=== Exercise requirements ===
Return each line exactly, from the one that has "De set bevat" through the end of the entries, both ends included. Pictures do not belong.

=== Given records ===

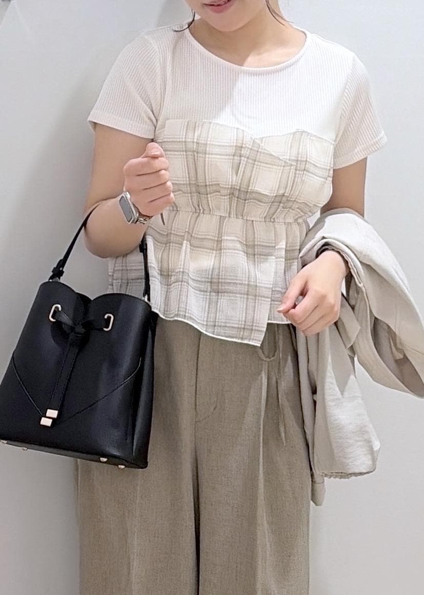 VISチェック&無地ビスチェドッキング半袖プルオーバー/イージーケアキナリ系 / F¥5,489レビュー毎年大人気のビスチェドッキング!♡
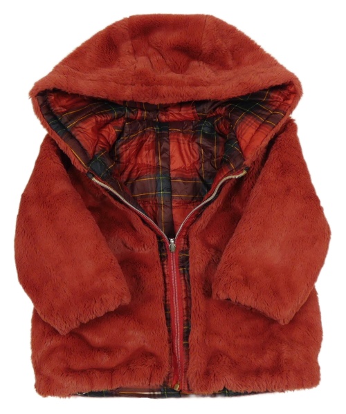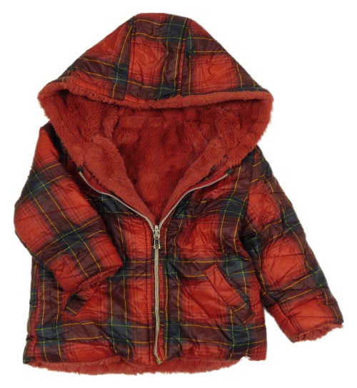 Červeno-černo-modrá kostkovaná šusťáková zimní oboustranná bunda s kapucí
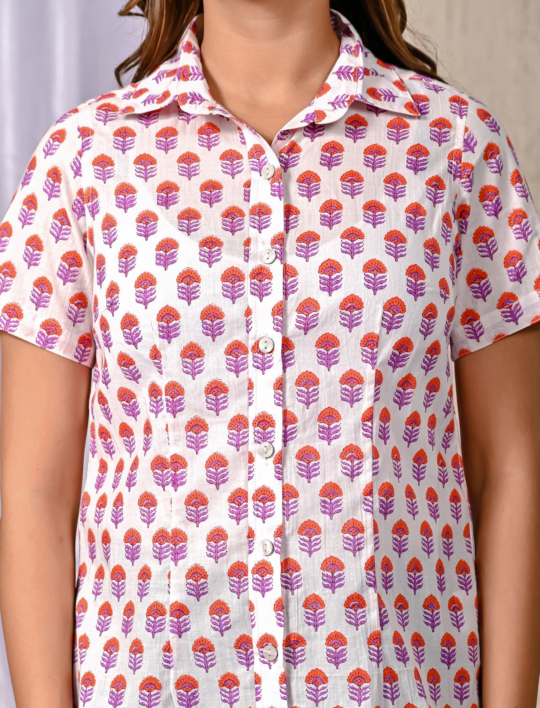 Peach Cotton Printed Full Sleeves Shirt For Women
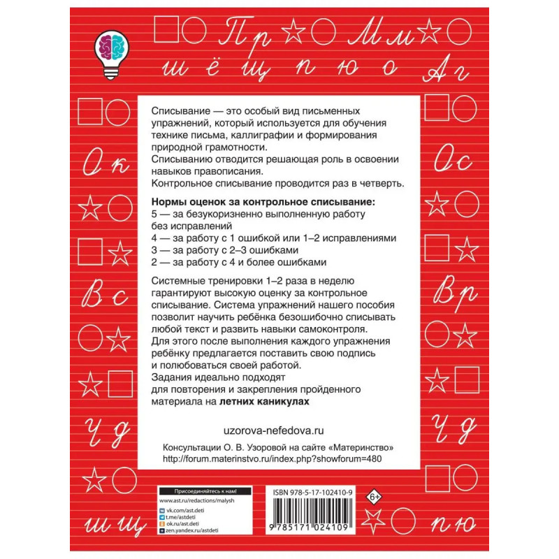 Это сборник заданий для контрольного списывания, разработанный известными педагогами-практиками О.В. Узоровой и Е.А. Нефёдовой. Книга адресована учащимся начальных классов. - Выполняя упражнения, ученик тренирует важные учебные навыки - осваивает орфографическое чтение,графические навыки, устное списывание, изучает правила русского языка, учится безошибочно списывать любой текст, развивает навык самоконтроля. - Учебное пособие можно использовать для работы в классе и дома по всем федеральным программам начальной школы. - Задания этой книги идеально подходят для повторения и закрепления пройденного материала на летних каникулах. - 20 минут занятий по этой книге в день помогут развить память, внимание и орфографическую зоркость - ребёнок научится безукоризненно выполнять упражнения по русскому языку.
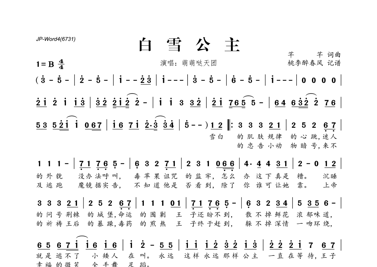 《白雪公主》是萌萌哒天团演唱的一首歌曲,拍号为4/4拍,这份简谱共有一张高清图谱,图谱由 @桃李醉春风 编配上传。
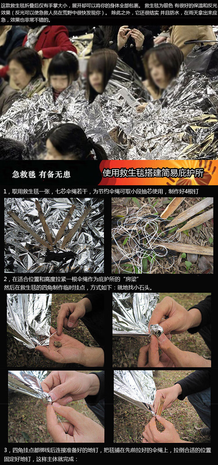 海斯迪克 多功能急救保温毯 HKWY-186 银色 140*210cm 1个
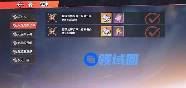 1.第二关【屋顶的脚步声】探索任务,任务要求如下:2个
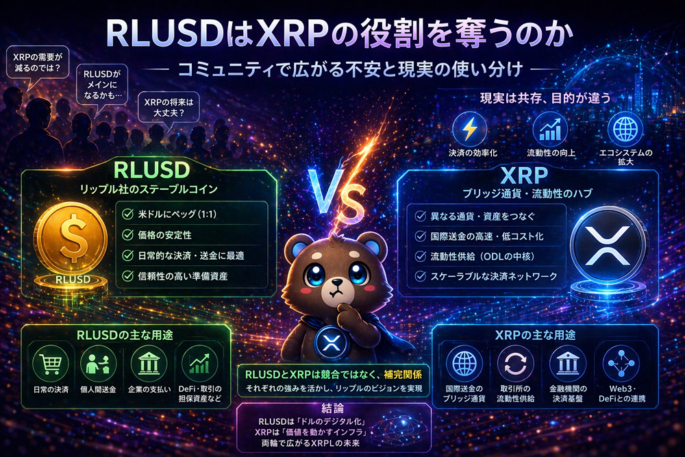 RLUSDはXRPの役割を奪うのか──コミュニティで広がる“不安”と現実の使い分け
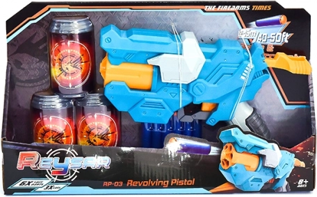 De set bevat drie plastic blikjes die dienen als doelwitten voor het oefenen van het richten, en zes zachte schuimkogels voor veilig spelen. Een perfecte keuze voor thuiswedstrijden in precisie en voor actiespelletjes met teamgenoten.
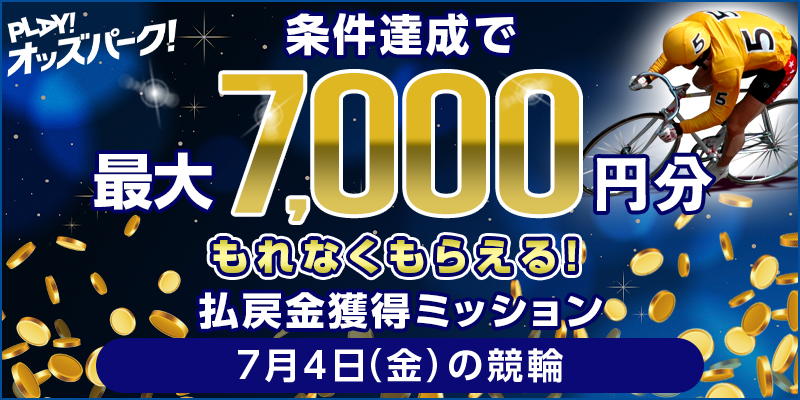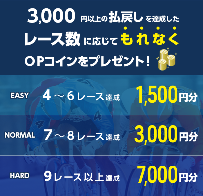 対象日に開催される、競輪の勝者投票券(ワイド・重勝式を除く)をオッズパークで合計2,000円以上購入し、かつ1レースあたり合計3,000円以上の払戻しを4レース以上で達成すること。
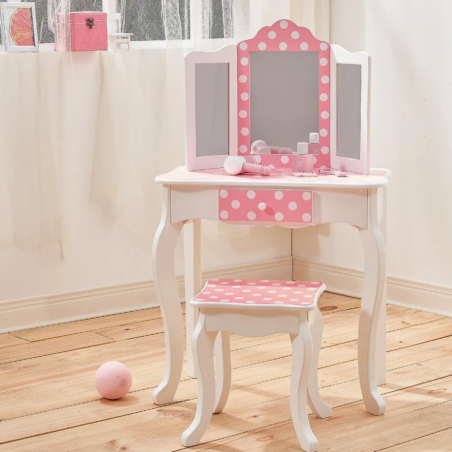 Fantasy Fields – Fashion Polka Dot Prints Gisele Play Vanity Set – Pink / White
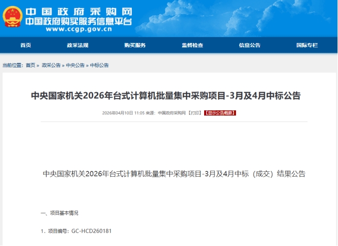 4月10日,中央國家機關(guān)公布了3月和4月的臺式機批量集采結(jié)果。本次采購總預(yù)算達到810萬元,五個配置包全部中標(biāo),無一流標(biāo)。今天我們就來拆解這份剛剛出爐的央采臺式機公告所隱藏的一些背后邏輯和趨勢!

=== Response to the exercise ===
 De set bevat drie plastic blikjes die dienen als doelwitten voor het oefenen van het richten, en zes zachte schuimkogels voor veilig spelen. Een perfecte keuze voor thuiswedstrijden in precisie en voor actiespelletjes met teamgenoten.
 対象日に開催される、競輪の勝者投票券(ワイド・重勝式を除く)をオッズパークで合計2,000円以上購入し、かつ1レースあたり合計3,000円以上の払戻しを4レース以上で達成すること。
 Fantasy Fields – Fashion Polka Dot Prints Gisele Play Vanity Set – Pink / White
 4月10日,中央國家機關(guān)公布了3月和4月的臺式機批量集采結(jié)果。本次采購總預(yù)算達到810萬元,五個配置包全部中標(biāo),無一流標(biāo)。今天我們就來拆解這份剛剛出爐的央采臺式機公告所隱藏的一些背后邏輯和趨勢!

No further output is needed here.